Examples of architectures designed to run on Amazon Web Services are a great way to illustrate the necessary design changes and patterns associated with a cloud deployment methodology.
Soocial.com, a "one address book solution to contact management" runs entirely on AWS and uses some interesting technologies to make their service work, including RabbitMQ, an open-source implementation of AMQP, the emerging standard for high-performance enterprise messaging. (I've written about AMQP and RabbitMQ here, and here in the past.)
One of the most interesting things is how the architecture isn't dramatically different than it would be if you were to build an on-premise version--except that Soocial is able to take advantage the Amazon Web Services EC2's scale, hot-standby, and backups. It's definitely worth learning more about if you are interested in the cloud.
The Rabbit team just released a RabbitMQ to XMPP gateway proof-of-concept.
RabbitMQ is an implementation of AMQP, the emerging open source standard for high performance enterprise messaging.
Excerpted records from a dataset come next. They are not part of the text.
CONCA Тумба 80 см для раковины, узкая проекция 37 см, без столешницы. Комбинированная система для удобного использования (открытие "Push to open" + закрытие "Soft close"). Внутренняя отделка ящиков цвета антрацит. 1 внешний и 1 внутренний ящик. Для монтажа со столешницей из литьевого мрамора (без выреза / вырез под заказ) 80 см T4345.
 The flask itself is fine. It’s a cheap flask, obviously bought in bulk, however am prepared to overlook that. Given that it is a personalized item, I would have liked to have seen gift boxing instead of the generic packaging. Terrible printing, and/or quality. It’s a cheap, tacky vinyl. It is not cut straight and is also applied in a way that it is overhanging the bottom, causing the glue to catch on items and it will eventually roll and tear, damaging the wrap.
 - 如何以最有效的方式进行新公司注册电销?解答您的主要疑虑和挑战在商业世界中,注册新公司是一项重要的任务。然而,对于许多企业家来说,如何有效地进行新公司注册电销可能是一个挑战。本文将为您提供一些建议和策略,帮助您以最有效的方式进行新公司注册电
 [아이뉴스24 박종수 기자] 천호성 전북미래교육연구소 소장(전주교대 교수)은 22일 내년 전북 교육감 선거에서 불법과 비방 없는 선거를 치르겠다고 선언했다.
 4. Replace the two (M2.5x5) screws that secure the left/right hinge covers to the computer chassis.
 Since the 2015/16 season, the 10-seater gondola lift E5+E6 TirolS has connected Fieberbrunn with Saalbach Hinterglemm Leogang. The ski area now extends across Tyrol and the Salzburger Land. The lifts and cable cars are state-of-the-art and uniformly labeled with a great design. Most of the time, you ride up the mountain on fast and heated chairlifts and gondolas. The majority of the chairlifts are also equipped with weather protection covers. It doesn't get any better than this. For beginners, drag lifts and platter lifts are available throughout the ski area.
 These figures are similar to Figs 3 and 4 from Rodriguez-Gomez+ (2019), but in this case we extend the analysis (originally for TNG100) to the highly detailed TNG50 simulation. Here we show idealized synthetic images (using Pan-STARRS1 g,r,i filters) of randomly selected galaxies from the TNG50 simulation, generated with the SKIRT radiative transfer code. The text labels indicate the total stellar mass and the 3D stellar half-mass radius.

Think of AMQP as the open source version of something like MQ Series or other high-volume JMS servers.XMPP is open XML technology for presence and real-time communication.Message volume shouldn't be a problem for services like Twitter. RabbitMQ with an XMPP gateway might be part of the the solution. The combination means you can inject very high volumes of messages into IM or other XMPP enabled applications with far fewer scale issues.
For the geeks:
The mod_rabbitmq module implements an ejabberd extension module which gateways AMQP (as implemented by RabbitMQ) to XMPP.